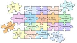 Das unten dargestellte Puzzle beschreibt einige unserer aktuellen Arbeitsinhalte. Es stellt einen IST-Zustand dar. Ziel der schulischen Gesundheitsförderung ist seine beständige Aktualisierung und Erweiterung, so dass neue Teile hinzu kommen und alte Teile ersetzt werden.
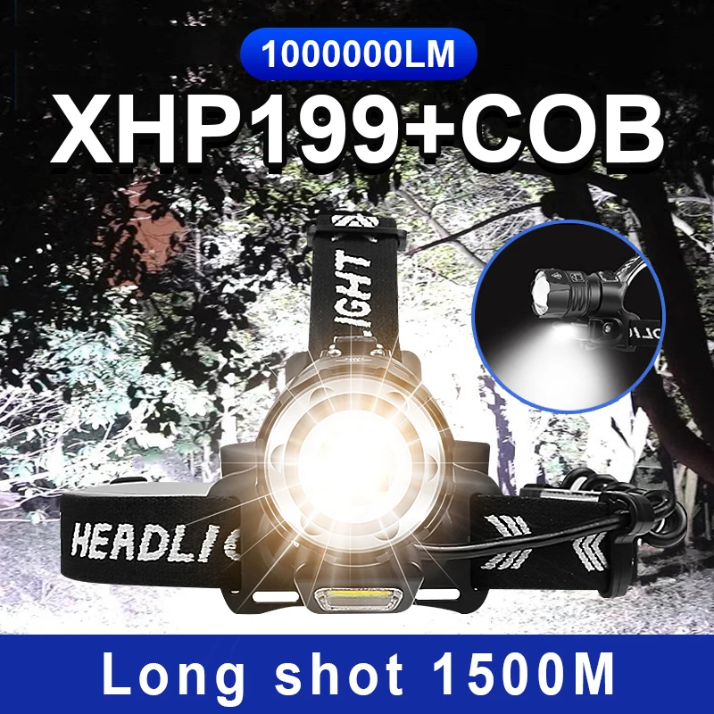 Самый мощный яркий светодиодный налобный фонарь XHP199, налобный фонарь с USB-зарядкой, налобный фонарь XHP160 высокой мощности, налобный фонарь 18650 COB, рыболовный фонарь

---

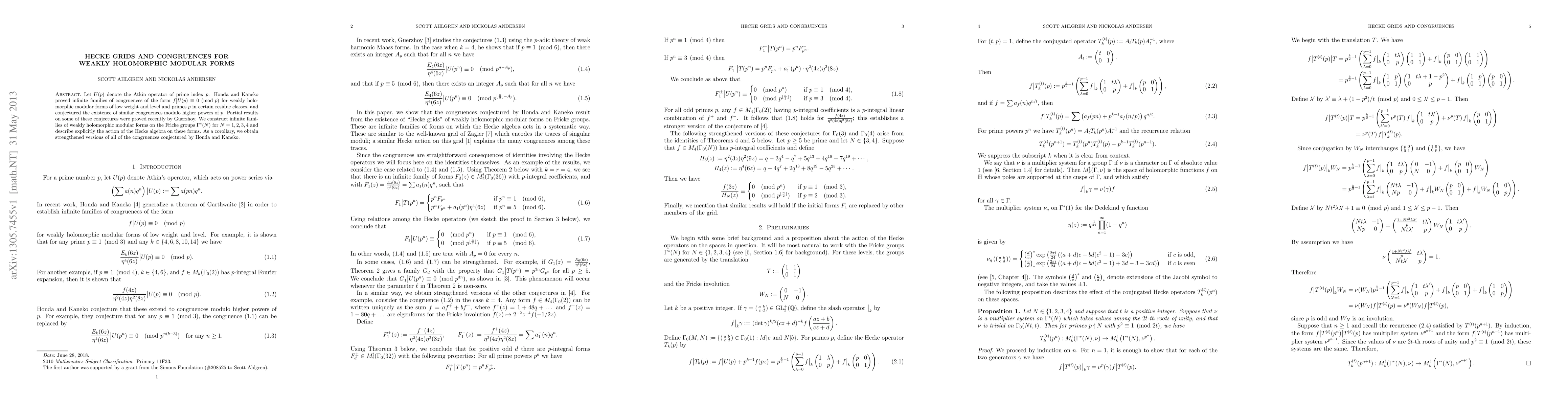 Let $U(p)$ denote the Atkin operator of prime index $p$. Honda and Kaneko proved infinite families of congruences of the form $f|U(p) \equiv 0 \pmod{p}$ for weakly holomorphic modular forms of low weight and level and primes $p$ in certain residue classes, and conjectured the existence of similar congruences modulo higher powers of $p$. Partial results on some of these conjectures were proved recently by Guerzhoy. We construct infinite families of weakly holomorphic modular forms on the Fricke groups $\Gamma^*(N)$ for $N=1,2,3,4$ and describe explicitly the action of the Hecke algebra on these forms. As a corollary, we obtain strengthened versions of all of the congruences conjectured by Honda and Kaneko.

...

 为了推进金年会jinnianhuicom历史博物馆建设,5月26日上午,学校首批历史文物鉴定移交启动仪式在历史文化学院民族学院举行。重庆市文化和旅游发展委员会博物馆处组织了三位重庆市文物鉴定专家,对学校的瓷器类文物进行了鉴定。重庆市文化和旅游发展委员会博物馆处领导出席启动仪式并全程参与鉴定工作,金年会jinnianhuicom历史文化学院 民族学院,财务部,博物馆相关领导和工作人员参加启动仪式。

What is needed
Pictures excluded, reproduce only the part above that opens with the line holding "Das unten dargestellte" and closes with the line holding "Самый мощный яркий", exactly as written.

Solved problem
 Das unten dargestellte Puzzle beschreibt einige unserer aktuellen Arbeitsinhalte. Es stellt einen IST-Zustand dar. Ziel der schulischen Gesundheitsförderung ist seine beständige Aktualisierung und Erweiterung, so dass neue Teile hinzu kommen und alte Teile ersetzt werden.
 Самый мощный яркий светодиодный налобный фонарь XHP199, налобный фонарь с USB-зарядкой, налобный фонарь XHP160 высокой мощности, налобный фонарь 18650 COB, рыболовный фонарь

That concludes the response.